煉獄は歩き方が不自然にならないよう気を配るので精一杯だった。
「ふふっ」
突然紗雪が笑い出し煉獄は思わずそちらを見た。紗雪の目は楽しそうに細められている。
「何か珍しい物でもあったか!」
「見た事ない風景ばかりですよ。ここって東京ですよね?煉獄さん」
(そうか、彼女は…)
遠い遠い未来から来たのだ。帰れない事に嘆く事もなくこの時代を生きようとしている。
(俺がしっかりしなければ!)
この
(俺は本当に不甲斐無い!!)
自分の動揺に振り回されている場合ではない。煉獄はぐっと落ち着きを取り戻すと紗雪に話しかけた。
「そうだ!ここは特に賑やかな通りだが紗雪の知っている帝都はどのようなものだ!!」
「ここよりもっと人が多いです。建物だって凄く高いですよ。20階建てなんでざらです」
「よもや!それ程の建物を一体何の為に!」
「商売をしている会社が入ったり、ショッピングモール…えっと、お店が何件も入っていて、服屋とか、食べ物やとか、本屋とか。」
紗雪は急に普通に戻った煉獄にちょっとビックリしながら答えた。煉獄が自分の時代に興味を持ってくれて嬉しい。
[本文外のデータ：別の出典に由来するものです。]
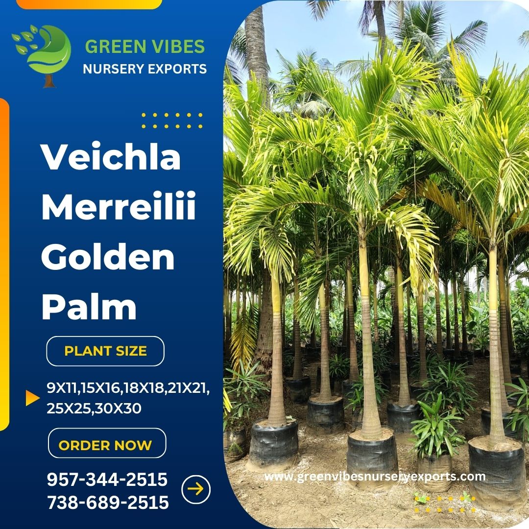 Golden Veitchia Merreilii palm also known as the Golden Christmas palm .single-trunked palm with stiffly arched, six-foot-long, bright green fronds is noted for the fall and winter appearance.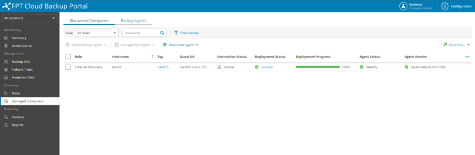 Bước 1 : Trên server cần backup, login vào trang portal với account của bạn: Backup as a Service : https://baas.fptcloud.com file Đây là giao diện quản trị của bạn sau khi login thành công: file Bước 2 : Vào mục Managed Computers chọn Download Agent sau đó chọn Linux. file Chỉnh thời gian Token hết hạn theo nhu cầu. Mặc định là 12 Tháng. file Bước 3 : Sau khi download thành công file LinuxAgentPackages.sh bạn cần copy vào trong server và tiến hành cài đặt. Chạy lệnh sau:

「目が回りそうだな!君はどう言ったものが好きなんだ?」
「そうですね…本屋に行ったら時間を忘れます。ただ、あまり部屋に戻ることがなかったので買いはしませんでしたね。煉獄さんは?」
「俺は能や歌舞伎が好きだ!相撲を観戦するのも良いぞ!!」
おぉ、インテリ…と煉獄の分からない言葉で感心する紗雪に笑う。
「機会があれば一緒に観に行こう!」
「内容が私にわかると良いんですけど」
へにょっと眉を下げた紗雪が急に幼く見えて煉獄が優しい笑みを浮かべた
「俺がいるから大丈夫だ」
「…じゃあ楽しみにしてます」
(この人は思ってるよりずっと繊細な人なのかも)
煉獄の人としての奥深さを垣間見た気がして紗雪は心が暖かくなるのだった。